Sunday, August 5, 2012

A letter to my baby

To my dearest McKinley Joy,

Wow, what a year it has been! I remember the day I went into labor with you like it was yesterday.  To be honest, it started out a very bad day and I really didn't pay attention to the contractions I was having because I was just so wrapped up in that very bad day.  I didn't really start paying attention to those contractions until they were about 3 minutes apart.  Even then, I didn't think you were coming...I mean I was only 35 weeks!  I still had five weeks to prepare for you.  Well, you were ready and you weren't waiting for any due date.  


I know it sounds ridiculous, but I wondered how I would love another little girl as much as I already loved Rosie, but that fear was quickly put to rest, the moment I saw your sweet little face.  I fell hard.  You were no bigger than a minute, but I could already tell you had a huge personality.   

From the start, I've felt like you get me.  Our humors seem to be exactly the same.  Even at such a young age, you will catch my eye and just smile at me like we were both just privy to some hilarious inside joke.  I love it!

I love your smile, your big infectious laughter, your nothing's gonna stop me attitude.  You aren't scared of anything and, as scary as that is for me, it also makes me very proud.  I can't wait to see you grow up, although I want nothing more than to keep you as my little baby forever.  I can only imagine the crazy hilarious things that are going to come out of that mouth of yours as you start talking more.  I crack up at you all the time and you don't even talk!  Between you and your sis, I'm don't know if I'll ever stop laughing.

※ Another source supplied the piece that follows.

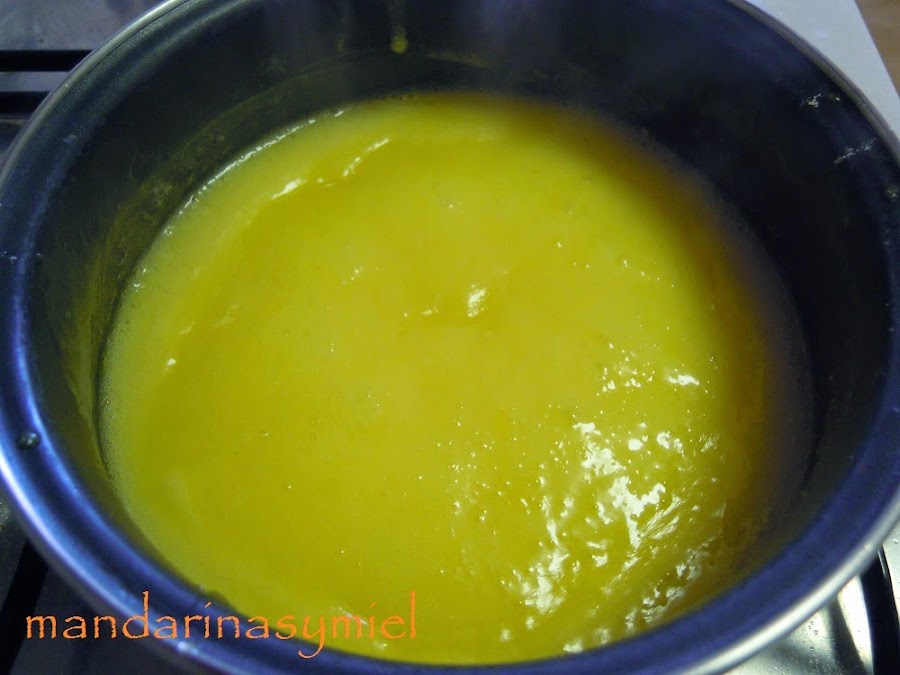 Ponlo todo junto en una cazuela al fuego, calientalo hasta que espese.

Now, I have to admit, you do keep me on my toes.  You are ALWAYS on the go.  I mean always!  Sometimes I wish you would just slow down for a few seconds!  I don't think I've ever been as tired in all my life, since you entered it, but you are so worth it.  I'm actually a little sad to think I won't be nursing you much longer.  That's really been a bonding time for us, and really the only time you are still.  Yes, I will miss those precious moments.  The only thing I wish I could change about you, is your need to put everything, no matter how disgusting in your mouth.  It's really gross, kid.  Really, really gross.

It makes me beyond happy the way you ADORE your sister.  You think she's the greatest.   It's so sweet to see you try and copy her.  I love to watch you roll around with her and kiss all over her.  The smile you get when she plays with you is priceless.  I pray that you will always be best friends.




Kiki, thank you for making my heart so full.  Thank you for being my second little sidekick.  Thank you for teaching me patience and making me smile even when I'm exhausted.

Happy First Birthday, little poot.  I love you more than you will ever know...always have, always will.